Immediately following turnover:

Place RWCU filters in hold per 04-1-01-G33-1 section 4.6.

Then, secure RWCU pump A per 04-1-01-G33-1 section 5.9 for planned maintenance on its discharge check valve, 1G33F012A.

RWCU filters are to remain in HOLD until RWCU pump A is returned to operation.

This is a Division 1 work week.

D. Allow the crew to perform pre-shift brief and review procedures for planned evolutions.

E. Bring the crew into the Simulator, place the simulator is in RUN.

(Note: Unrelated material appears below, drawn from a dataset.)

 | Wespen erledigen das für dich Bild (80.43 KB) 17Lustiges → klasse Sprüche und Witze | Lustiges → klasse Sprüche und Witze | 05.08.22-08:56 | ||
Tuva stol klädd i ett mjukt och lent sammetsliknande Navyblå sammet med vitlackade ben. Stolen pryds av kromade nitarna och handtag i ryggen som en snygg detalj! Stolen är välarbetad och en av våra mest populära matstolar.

F. Allow the crew to walk down panels.

G. When the crew assumes the shift begin Scenario Activities.

Revision 2

Appendix D Required Operator Actions Form ES-D-2 Scenario 3 Page 6 of 21 SCENARIO ACTIVITIES:

Start SBT report and any other required recording devices (Video recording not allowed for NRC exams).

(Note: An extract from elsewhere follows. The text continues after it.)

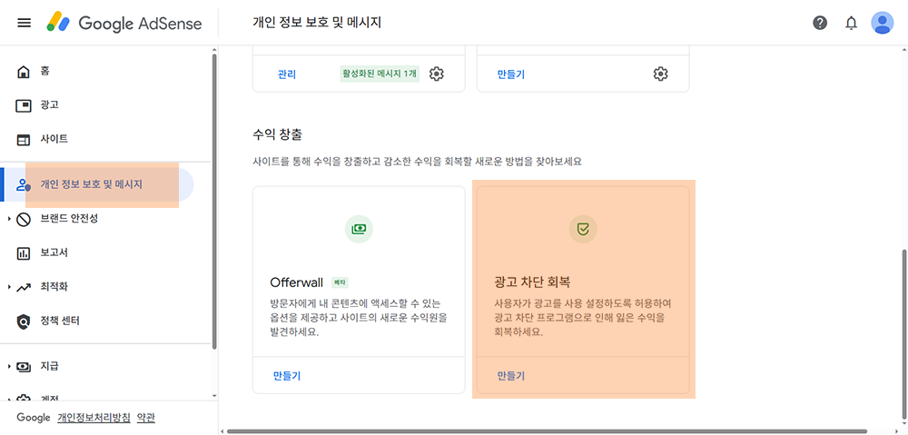 1단계: 애드센스에서 '개인 정보 보호 및 메시지' 메뉴 접속

Place Reactor Water Clean-Up filters in HOLD and secure RWCU pump A.

The crew will remove RWCU filters A and B from service in accordance with 04 01-G33-1, Reactor Water Clean-Up System, section 4.6.

When requested as the building operator at the RWCU F/D control panel to remove RWCU filter A from service, trigger Event 1 to simulate lowering flow through filter A.

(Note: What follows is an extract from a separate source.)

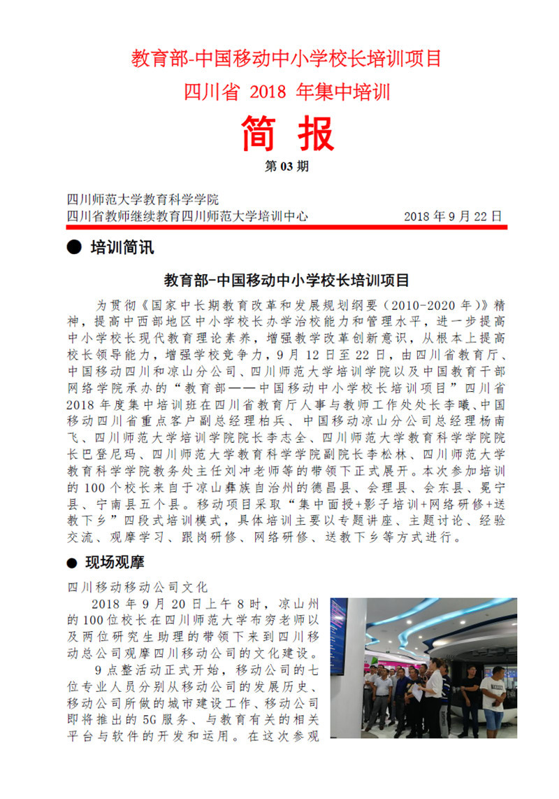 【四川】教育部——中國移動中小學校長培訓項目簡報(第三期)

When requested as the building operator at the RWCU F/D control panel to remove RWCU filter B from service, trigger Event 11 to simulate lowering flow through filter B.

When both filters have been removed from service, wait 2 minutes and as the building operator who had been at the RWCU panel, report you have exited containment.

The crew will then secure RWCU pump A in accordance with 04-1-01-G33-1, Reactor Water Clean-Up System, section 5.9.

When the crew has completed all required steps of 04-1-01-G33-1, Reactor Water Clean-Up System, section 5.9 and at the direction of the lead evaluator, trigger Event 2 to cause RWCU Heat Exchanger leak inside Containment with failure of Division 1 RWCU valves to automatically isolate.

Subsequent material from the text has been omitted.